#### Input data:
>>

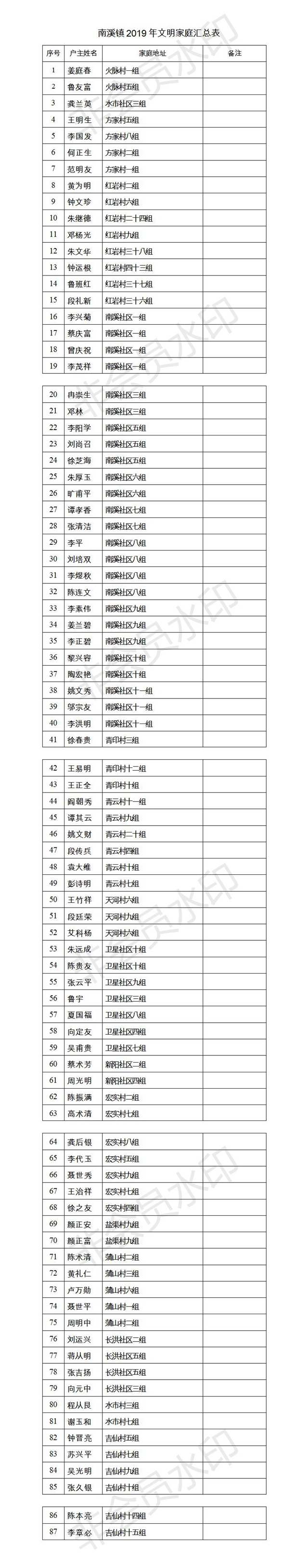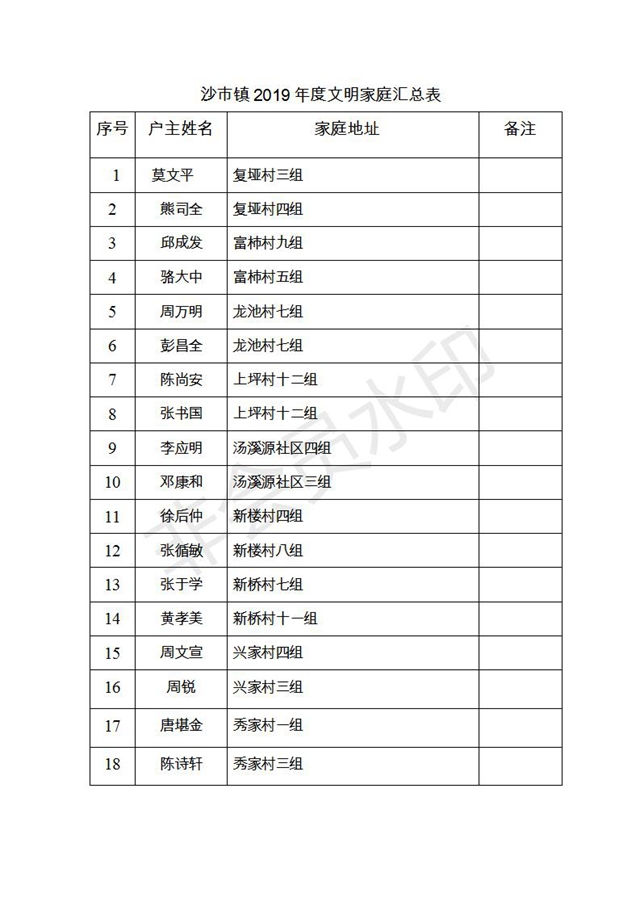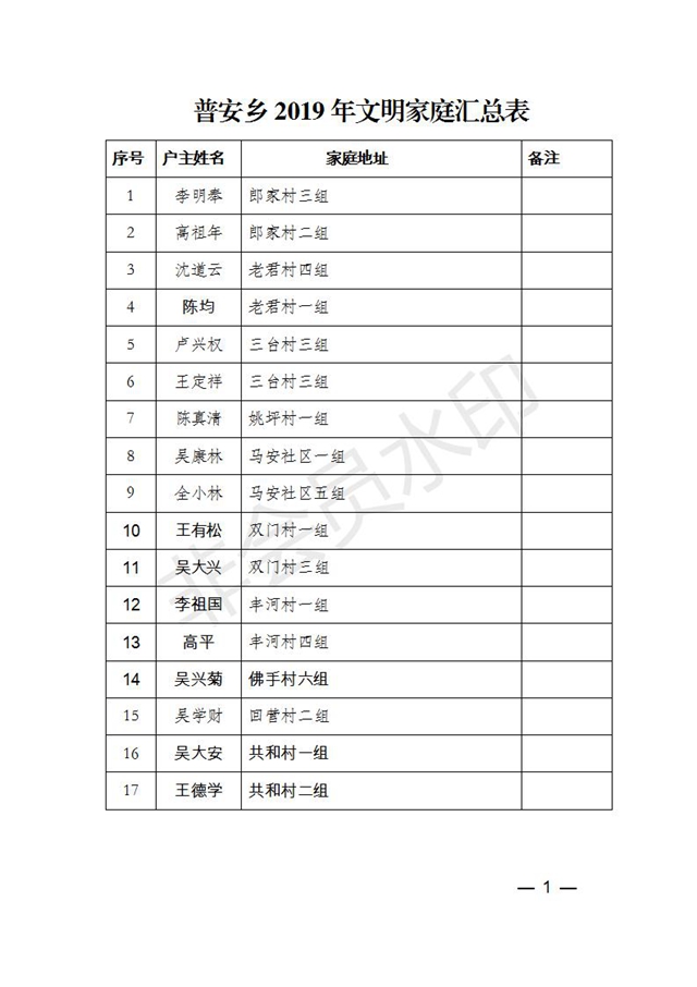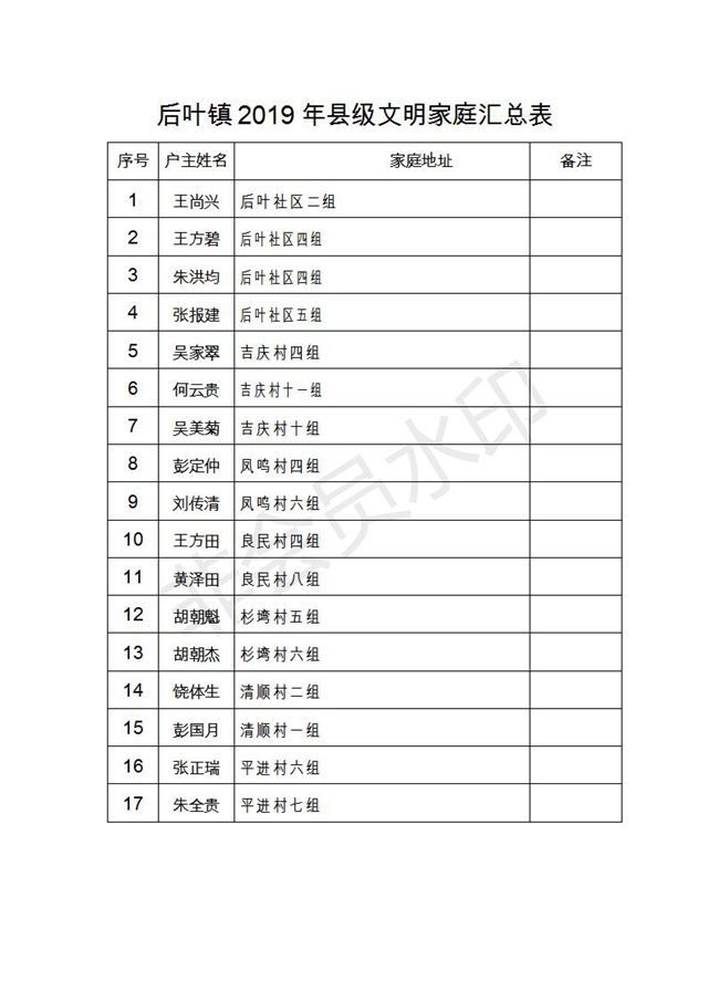 附件:2019年度縣級(jí)文明家庭名單
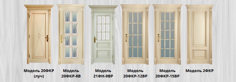 The manufacturer offers a separate arch, panels for doors, linings, baseboards and various door elements of the decor of veneer, solid, enamel or stained glass. Both single and double doors are manufactured. It is possible to create a design with a sliding window (transom). This type is usually used for large openings or for openings of complex, non-standard forms:
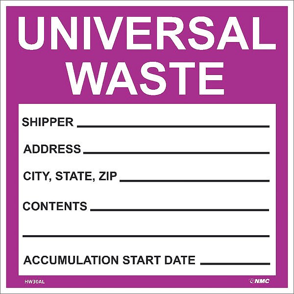 Universal Waste - Shipper__________ Address____ City,State,Zip____ Contents________ Accumulation Start Date ______

<<

Where a picture appears in the listing above, skip it and set down all the rest exactly.

#### Result of this exercise:
 附件:2019年度縣級(jí)文明家庭名單
 The manufacturer offers a separate arch, panels for doors, linings, baseboards and various door elements of the decor of veneer, solid, enamel or stained glass. Both single and double doors are manufactured. It is possible to create a design with a sliding window (transom). This type is usually used for large openings or for openings of complex, non-standard forms:
 Universal Waste - Shipper__________ Address____ City,State,Zip____ Contents________ Accumulation Start Date ______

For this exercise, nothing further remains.